Undergoing a digital transformation is no longer an objective for certain types or sizes of industrial companies. It’s simply where industrial automation technologies are taking industry as a whole. As your facility updates devices and equipment, you will be digitally transforming your company.
The range of production and business optimization possibilities enabled by these new automation technologies implies that some strategic level of planning needs to be applied to derive as much benefit as possible. To better understand how to step back and assess your digital transformation, whether you’re already well down that path or just getting started, we connected with Bill Pollock, president and CEO of Optimation, a company that provides mechanical and process engineering services, as well as design automation and systems integration for a recent episode of the “Automation World Gets Your Questions Answered” podcast series.
We began our discussion by attempting to define what the term “digital transformation” really means, since it can cover so much ground. Pollock explained that the term, of course, means different things to different people, but it tends to focus around apps on smartphones and how that’s changing the way we interact with both people and things.
When it comes to manufacturing, the term digital transformation “takes on a different strategically leveraged place that includes things that are digital, but not things that necessarily live in our daily lives,” Pollock said. “Predominantly, it’s about finding ways to improve the overall manufacturing process. And a certain amount of that happens at the supply chain level, like with product specifications around just-in-time manufacturing, or quality or analytics.”
Vertical differences
Discussing how the digital transformation process may differ across industry, Pollock said that, at the factory floor level, the sensors and data collection devices will be different. “But once you get past the factory floor and start looking at the big picture—at productivity and quality and start doing analytics—then you get to a high enough level that there really isn't a difference from one kind of process to another because the amount of data you're looking at. And the type of analysis you're doing is going to be pretty much universal, whether it's a rolling machine or chemical fluid flow machine or a transmission manufacturing machine.”
Beyond the level of similarities to the digital transformation across industries, the biggest impediment to digital transformation has been the antiquated nature of many manufacturing facilities. In those kinds of facilities, the sensors and interfaces on the factory floor that “would allow all that data to be collected and transformed digitally [often] don’t exist,” said Pollock. “But suppliers like Siemens and Rockwell and many others have put the pieces in place to interface [new technologies] to existing infrastructure so that some of the lag and drag of digital transformation is less disruptive.”
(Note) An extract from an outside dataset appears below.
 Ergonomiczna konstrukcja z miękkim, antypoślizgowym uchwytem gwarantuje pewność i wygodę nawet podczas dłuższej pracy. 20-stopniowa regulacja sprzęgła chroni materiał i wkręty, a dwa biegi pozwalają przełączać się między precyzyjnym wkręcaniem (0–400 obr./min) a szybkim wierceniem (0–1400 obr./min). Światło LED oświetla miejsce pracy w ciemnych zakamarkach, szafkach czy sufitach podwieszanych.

As much as the digital transformation process is about technologies and data, it’s just as much about vision. Pollock said that business and operations management “really need to have a vision of where they want to go and what they want to achieve [with the digital transformation]. Once you have the vision, you can start to explore the possibilities that exist and the tools that can move you towards the digital transformation you envision.”
Pollock added that companies will obviously have to look at the return on investment to get them to their digital transformation vision. Which is why it’s critical not to begin the process “willy nilly, thinking it would be really cool to have robots or big screen TVs [to display production data], or whatever. First you need to know what it is you want to achieve to know what kinds of technologies you likely need to get you there.”
Mistake avoidance
Having worked with a number of manufacturers on their digital transformation process, Pollock said the first mistake many companies make is not defining their plan well enough before putting it into action. Part of this is not allowing “a long enough timeframe to achieve a return on investment,” he said. “There needs to be some flexibility. And that includes admitting, if you go down a path and things aren't going as well as they should, that it might be time to sit down and reassess it.”
Above all, having a good set of analytic tools for measuring is important, according to Pollock. “If you use your analytics tool correctly to look at all the variables, you can see which ones are moving along sort of steady state and which ones are bouncing all over the place. And that will give you insights into all the variability in your processes,” he said. “And sometimes it requires bringing in a human expert who can help you find the variables. The people working in the plant day to day are so used to doing what they do that they often don’t see the alternatives because they haven't been to other plants to look around and see the differences.”